Cool the rhetoric, regardless of who’s in office
Published: Tuesday, November 13, 2012
Updated: Tuesday, November 13, 2012 23:11
The election is over, and the president has been chosen. It really doesn’t matter which man won to me; I would still respect the fact that the majority of people had picked him to lead us. I did so when Bush was elected, when Clinton was elected, and I would have done so if Romney had been elected.
However, not everyone sees it as finished. Over the past week since the election, things have taken a strange turn that I have never seen. Business owners started firing or laying off people because they claim they weren’t going to be able to afford the Affordable Health Care Act when it fully implements in 2014.
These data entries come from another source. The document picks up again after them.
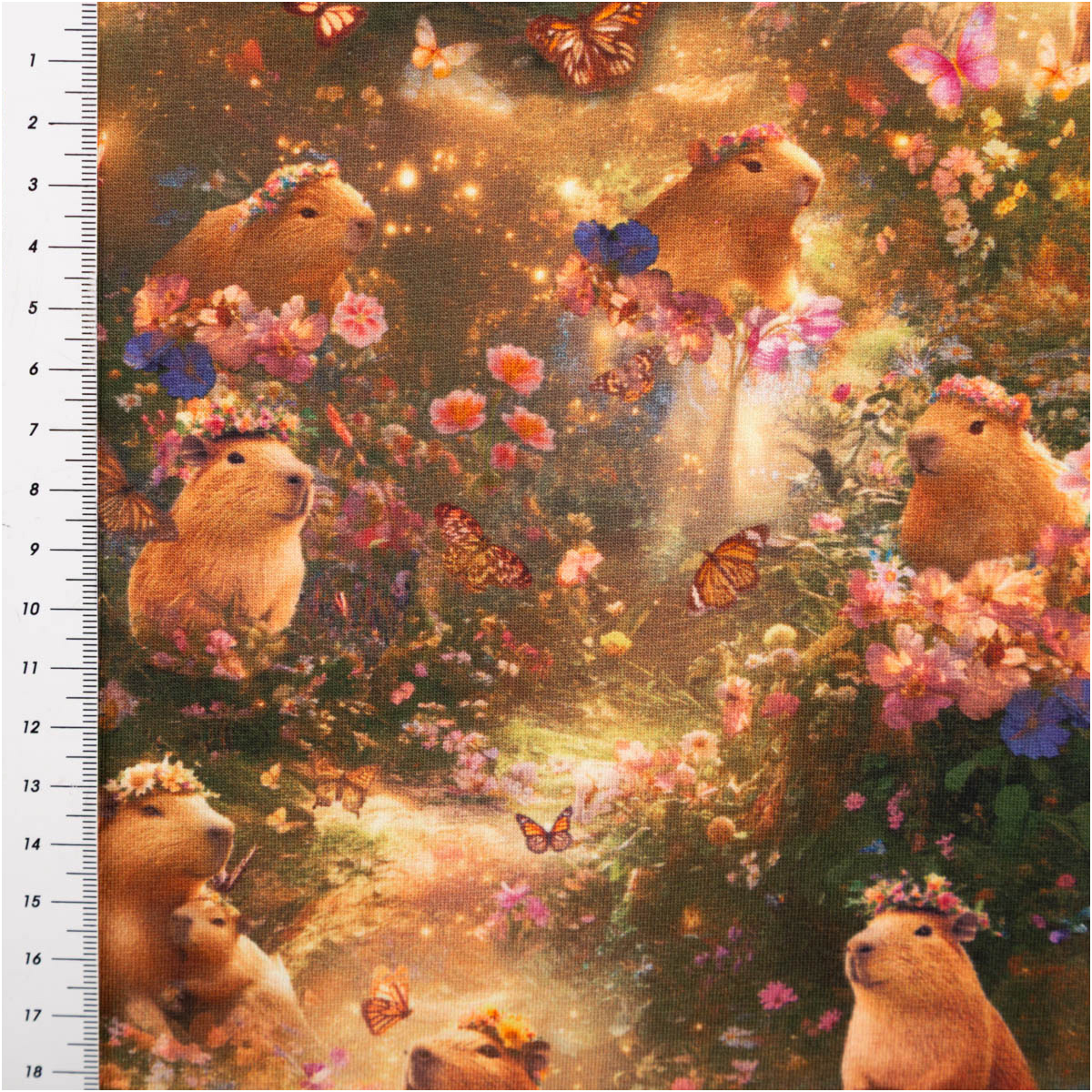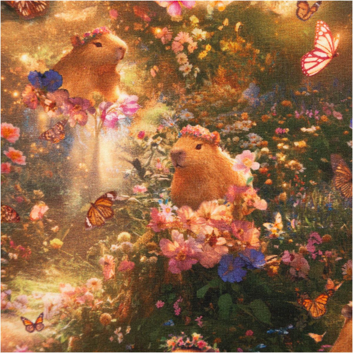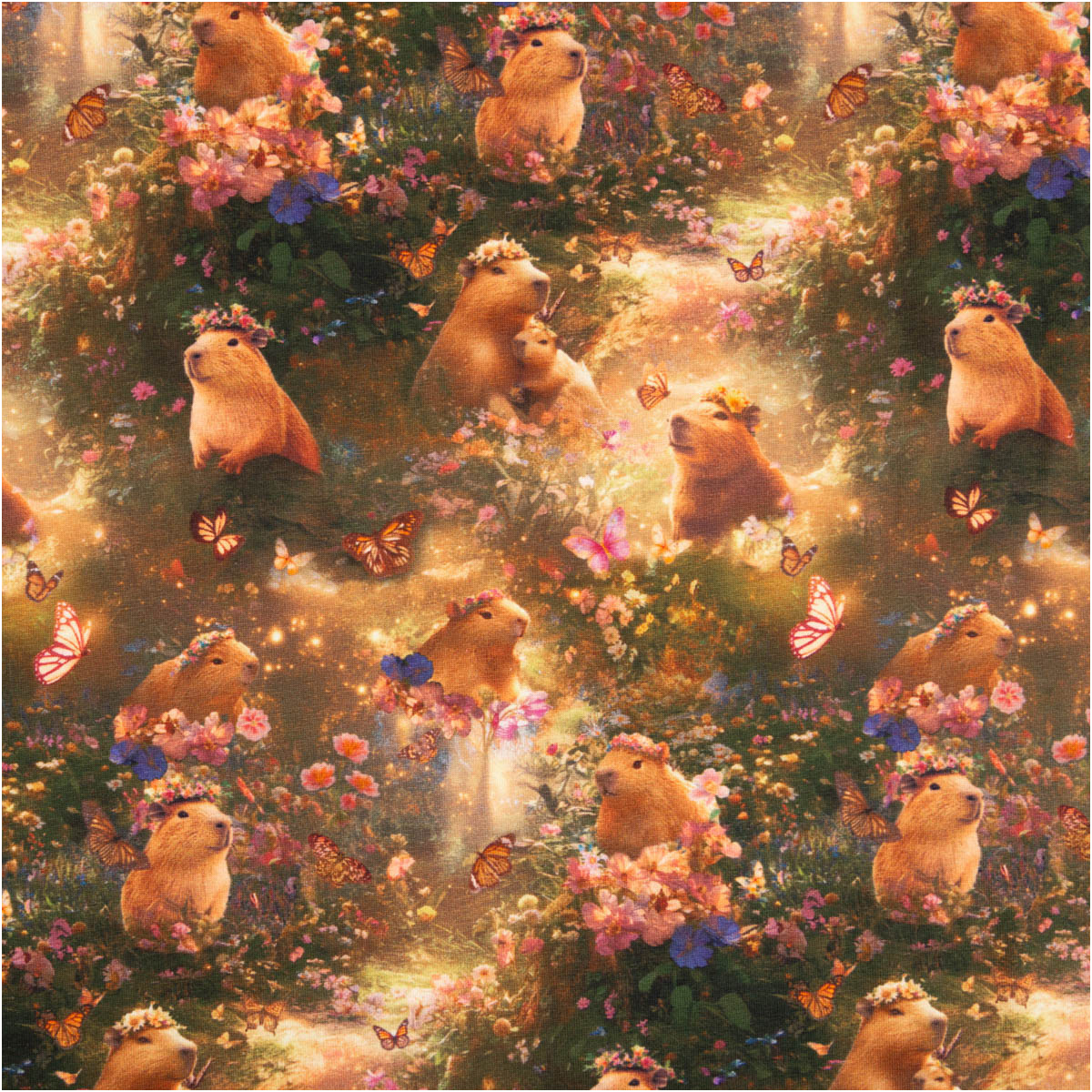 Fröhliches Capybara-Design: süße Capybaras mit Blüte und Blumenmotiv auf grüner Wiese, hochwertiger Digitaldruck aus der Poppy Fabrics Kollektion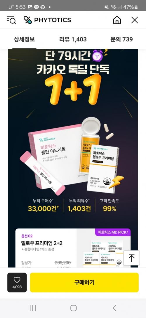 지금 톡딜로 가격 완전 좋으니까(1+1 29,900원, 2+2+종합비타민 53,900원)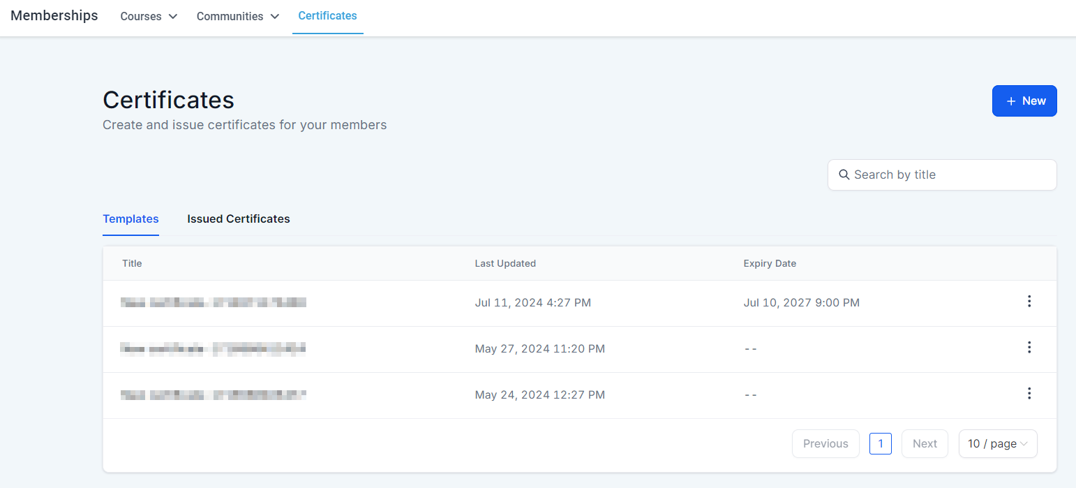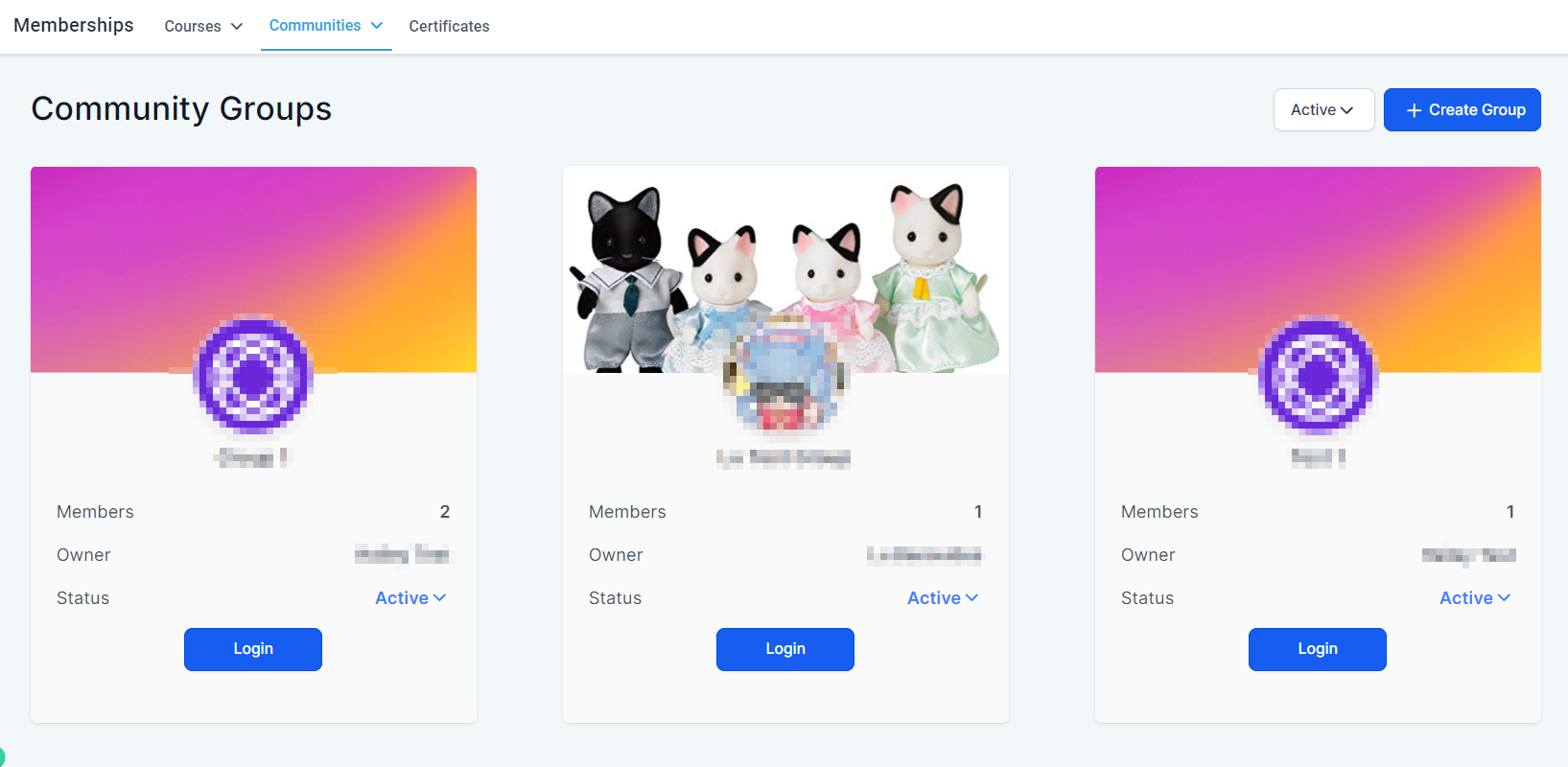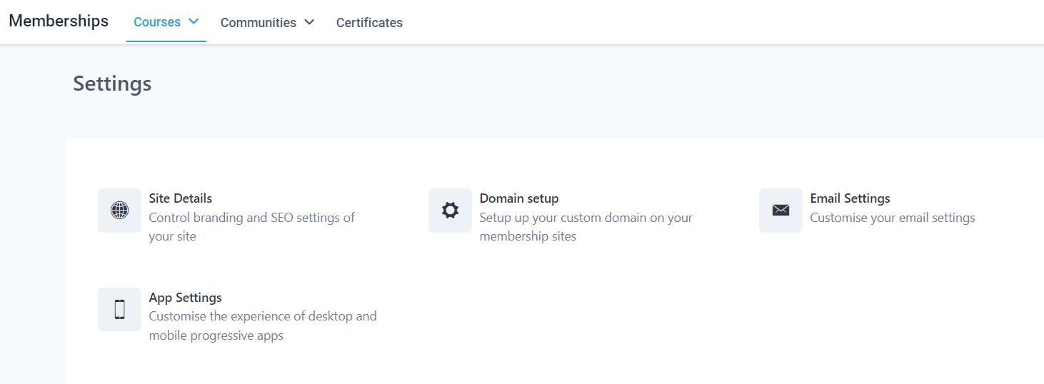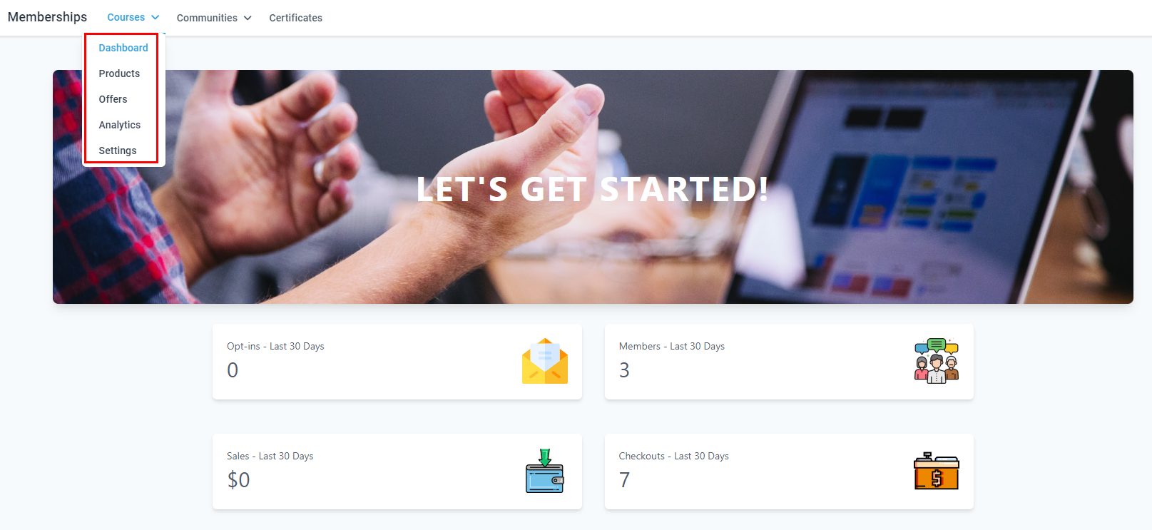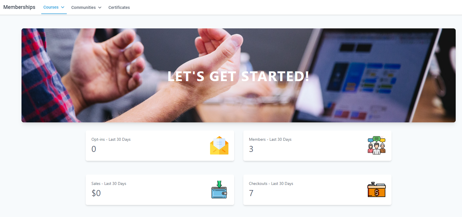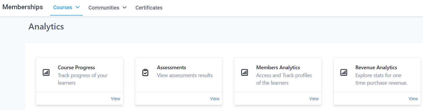 The Memberships section is the place to handle all learning and community-related things. This section houses Courses, Communities, and Certificates, by opening this section you'll be directed to the Dashboard for your Courses.
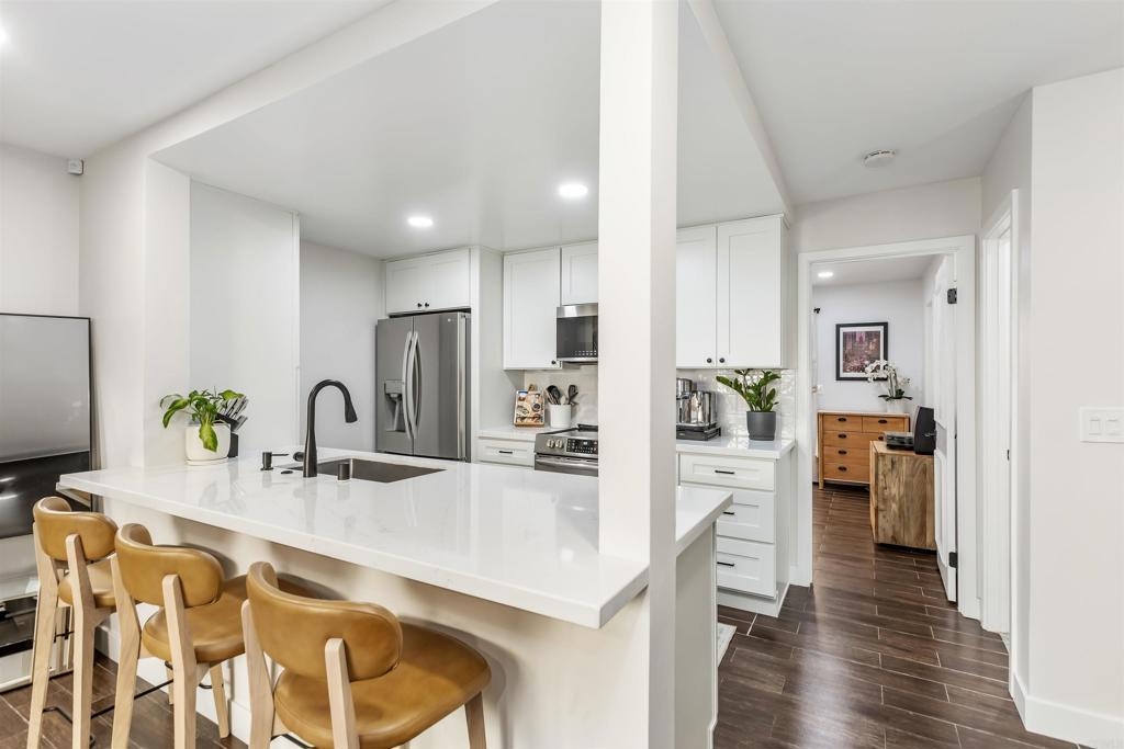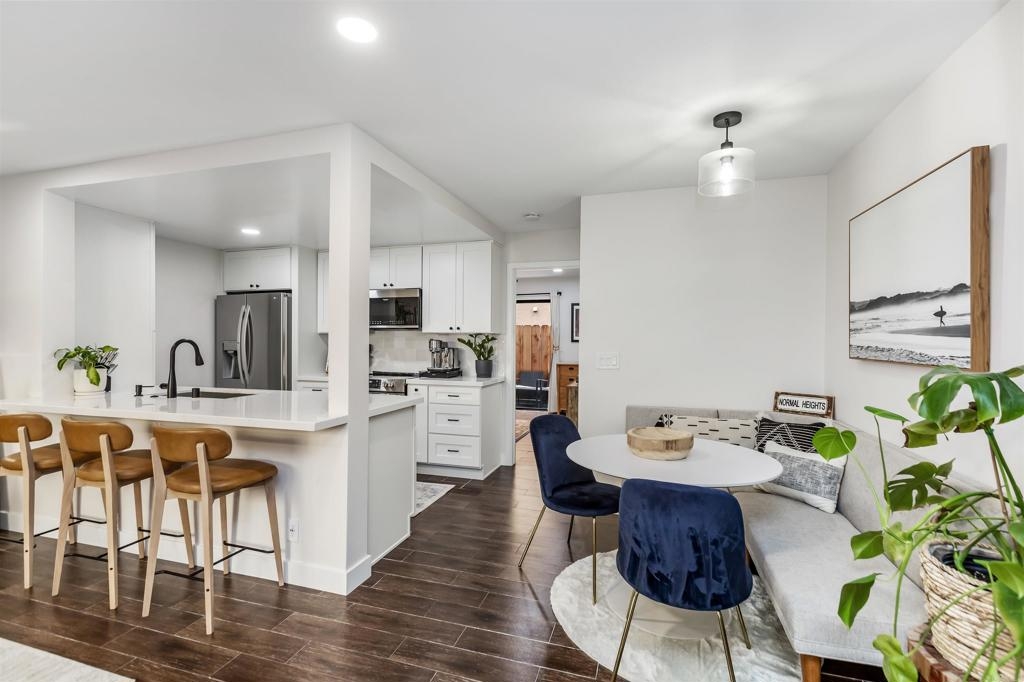 This is the condo you have been waiting for, just a short walk to all that Normal Heights has to offer! Recent upgrades include, remodeled kitchen with new appliances, remodeled bathrooms, split AC unit, recessed lighting, smart lights, electric fireplace, and much more! This unit also has an attached 1 car garage, additional parking spot, in-unit laundry, private patio, and gated access. Ideally located near major freeways, Adams Ave restaurants and shops, and just blocks away from North Park and Kensington.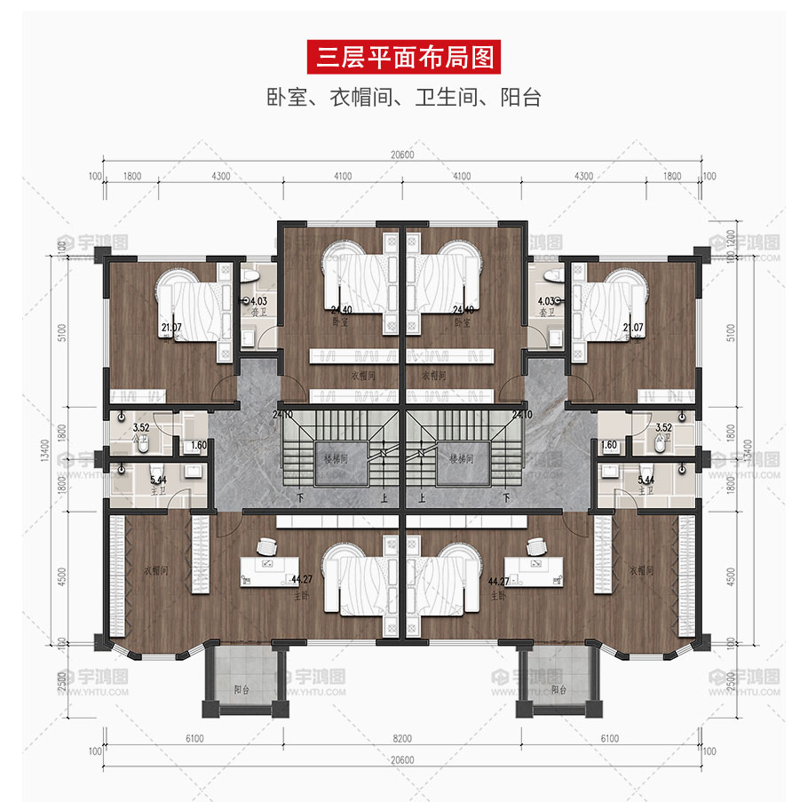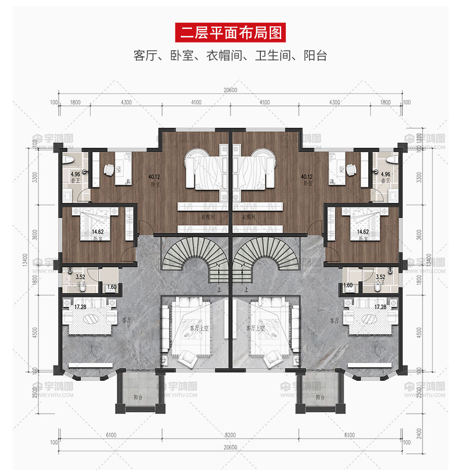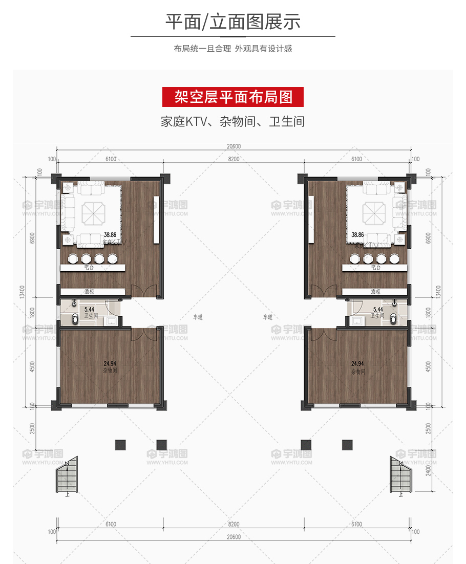 風格:雙拼 | 層數:四層 | 結構形式:框架結構 | 圖紙編號:YH-A-4029 |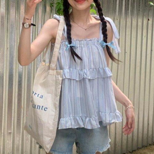 2025 여름 신상 한국풍 자수 V넥 민소매 니트 탱크탑 여성 패션 스트라이프 버튼 티셔츠 탑

So companies such as Olive Garden, Burger King, Murray Energy and a host of anonymous businesses said they let people go or reduced hours to get employees under the 35-hour minimum requirement for employer health insurance. Some of the business owners went so far as to tell a conservative talk show host that they singled out the ones they suspected as having voted for Obama to go first.
Really? Is this what our country has come too? Not trying to make our lives better but by taking a fundamental right guaranteed by the Constitution and protected under free speech and using it against us? I find it deplorable that a business would stoop so low.
And that’s not all. There are also a number of people out in the interwebs and social media wishing for the president’s assassination. I mean, come on. This is getting way out of hand. What happened to the Christian belief of “Thou shall not kill”? Doesn’t that idea also cover not wishing for someone to kill another?
Remember what this type of rhetoric was blamed for before? It was the death of nine people and injury of 20 more when Gabrielle Giffords was shot in the head. A nine-year-old girl who was learning about government was one of the victims. These hate campaigns took the blame for that shooting, but how many more incidents can be blamed on hate?
It is time for the country to come together and get things done, not sit back and continue the negative attacks of the past year and a half. President Obama is back in the White House for four more years—let’s hold him accountable, as well as the Congress that was so hell bent on getting him out, and get some real progress made. No more effigies calling for his assassination. No more laying off innocent bystanders because of your preconceived notion of costs a full year before they are known.
This is our country. We should demand that a certain level of decorum and action be in place on all sides, including on the public. If you are one of the people calling for the death of a man, I hope you think about that and check your morals. If you are a company that refuses to let anyone who voted a certain way give your their business, I think your bottom line will see the effects of that decision you made, not that was made for you. And if you are a company that fires based upon how a person voted, I hope you are boycotted by members of both parties because that is no way to move things forward.
And if you are out there tweeting these ridiculous things, there are reasons to keep these things to yourself. Take it from Denise Helms, who is not only under investigation but also lost her job after posting some pretty unacceptable things about Obama.
It’s nearly 2013. Let’s act like it.